The reserves of compassion that were characteristic of his best writing were deeply ingrained in Capote’s nature. Or they were, at least, in the days before his big party, which some consider the writer’s unintended swan song, a final golden moment before he began a descent into drugs and drink.
“People forget Truman was very gracious,” said Ashton Hawkins, for decades the senior counsel to the Metropolitan Museum of Art, who was a lawyer on the way up in 1966. He recalled the host taking him by the arm and steering him toward a corner of the ballroom, where Rose Kennedy was stranded alone.
“I thought that was fun, that you could sit down with the mother of the president,” Mr. Hawkins said. “Everybody talked to everybody and just sat down where they wanted to sit.”
The relatively loose atmosphere led the bandleader Peter Duchin to later characterize the ball as having “closed an era of elegant exclusiveness and ushered in another of media madness.”
“It was a marvelous party because there was such a mixture of people, all kinds, all ages,” said the jeweler Kenneth Jay Lane, who, at 34, was among the younger attendees. The big moment of the evening for him, Mr. Lane said, was being walked to a gilded settee where the actress Tallulah Bankhead sat holding court and furiously smoking.
“I talked to her for about three minutes, but then could say I’d met Tallulah Bankhead,” Mr. Lane said with a laugh. “In the old days, it wasn’t a publicist society, and now it’s all publicists. People then had publicists to keep their names out of the papers, and nobody’d ever been to Kardashia.”
From the first, Mr. Capote had a canny understanding of fame and a prescient sense of celebrity’s untapped potential. Limiting press attendance inside the party to four hand-selected journalists — including one, Charlotte Curtis, from this newspaper — he heightened its air of exclusivity while managing potential criticism about the affair’s overall modesty.
European guests familiar with, say, the heady opulence of Carlos de Beistegui’s 1951 masked ball held at the Palazzo Labia in Venice, were heard to snipe about Capote’s modest supper menu and candles-and-balloons décor. Yet, in a sense, they were missing the point. Capote understood that the ball’s true ornaments were its boldface attendees, even going so far as to provide The Times with a guest list, which the newspaper published the following day.
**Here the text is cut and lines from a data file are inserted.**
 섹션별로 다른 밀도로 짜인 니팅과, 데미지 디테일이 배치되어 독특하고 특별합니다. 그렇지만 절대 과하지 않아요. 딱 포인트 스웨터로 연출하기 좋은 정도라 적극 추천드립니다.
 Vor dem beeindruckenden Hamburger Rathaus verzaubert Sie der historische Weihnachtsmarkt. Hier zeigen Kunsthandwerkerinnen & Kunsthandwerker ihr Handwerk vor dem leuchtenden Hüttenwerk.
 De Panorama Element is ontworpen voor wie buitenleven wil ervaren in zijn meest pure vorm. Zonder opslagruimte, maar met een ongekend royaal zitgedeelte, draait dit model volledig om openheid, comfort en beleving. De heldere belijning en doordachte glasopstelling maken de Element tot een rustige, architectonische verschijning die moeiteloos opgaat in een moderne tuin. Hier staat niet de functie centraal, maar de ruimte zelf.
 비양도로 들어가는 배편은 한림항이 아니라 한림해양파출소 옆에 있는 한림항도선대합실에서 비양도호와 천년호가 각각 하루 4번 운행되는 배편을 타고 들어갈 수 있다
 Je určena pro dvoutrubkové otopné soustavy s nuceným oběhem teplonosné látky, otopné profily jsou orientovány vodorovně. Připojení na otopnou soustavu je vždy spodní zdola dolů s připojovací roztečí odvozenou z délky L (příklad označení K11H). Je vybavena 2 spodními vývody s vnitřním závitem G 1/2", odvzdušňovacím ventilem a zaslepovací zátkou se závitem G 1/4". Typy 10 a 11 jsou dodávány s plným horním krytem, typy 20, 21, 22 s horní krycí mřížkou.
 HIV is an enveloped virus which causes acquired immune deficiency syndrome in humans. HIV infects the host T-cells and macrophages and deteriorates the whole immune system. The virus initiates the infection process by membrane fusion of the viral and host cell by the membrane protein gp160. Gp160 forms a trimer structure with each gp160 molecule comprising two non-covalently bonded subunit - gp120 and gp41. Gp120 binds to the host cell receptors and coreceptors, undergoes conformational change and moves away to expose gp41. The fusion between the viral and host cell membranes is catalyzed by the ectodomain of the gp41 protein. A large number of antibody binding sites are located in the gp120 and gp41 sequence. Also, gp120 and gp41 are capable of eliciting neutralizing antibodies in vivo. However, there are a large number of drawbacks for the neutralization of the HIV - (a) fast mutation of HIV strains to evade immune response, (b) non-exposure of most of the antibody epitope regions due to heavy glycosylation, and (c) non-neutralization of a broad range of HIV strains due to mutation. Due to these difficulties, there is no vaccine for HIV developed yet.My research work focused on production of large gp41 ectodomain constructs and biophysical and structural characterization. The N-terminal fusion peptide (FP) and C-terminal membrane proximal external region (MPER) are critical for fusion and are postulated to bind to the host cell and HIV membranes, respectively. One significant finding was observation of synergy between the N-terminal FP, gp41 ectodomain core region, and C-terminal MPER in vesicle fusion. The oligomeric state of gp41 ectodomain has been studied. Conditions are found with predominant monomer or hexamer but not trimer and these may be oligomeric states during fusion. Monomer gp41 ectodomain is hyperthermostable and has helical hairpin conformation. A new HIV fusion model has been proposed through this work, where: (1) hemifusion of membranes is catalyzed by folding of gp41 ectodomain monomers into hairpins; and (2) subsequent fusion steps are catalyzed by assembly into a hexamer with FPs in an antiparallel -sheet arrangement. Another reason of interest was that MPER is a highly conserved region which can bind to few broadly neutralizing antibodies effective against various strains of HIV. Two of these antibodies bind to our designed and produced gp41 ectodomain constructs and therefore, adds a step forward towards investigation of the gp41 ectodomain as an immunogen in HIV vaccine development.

Never mind that some of those listed, like Greta Garbo, were not actually at the party. The effect had been achieved. Before The Times published a “List of Those Who Were Invited to the Party at the Plaza Hotel,” that distinction had been reserved mainly for White House dinners and the like.
In many ways, the Black and White Ball served as a signpost pointing the way to Kardashia, that mythical land where accomplishment is largely optional and fame is an end unto itself. And it also served to help blur forever the lines separating public from private.
Of the attendees wearing masks, “There was something radically democratic in the notion of inviting these very famous people to a party and then telling them to hide their faces,” Ms. Davis said. At the last minute, though, the canny host had someone announce each of the guests as they arrived.
Almost until that night 50 years ago, said the editor and publisher Jason Epstein, New York society observed the rigid caste-based system it had followed since the Knickerbocker days, one dominated by a handful of families not much different from those depicted by Edith Wharton and Henry James.
“Then here came this out-of-town gay fellow who conquered society to the extent that he gave that party,” Mr. Epstein said. “Truman created this new class of talented, good-natured, funny people, and that lasted for quite a long time. Who really knows what is society in New York anymore?”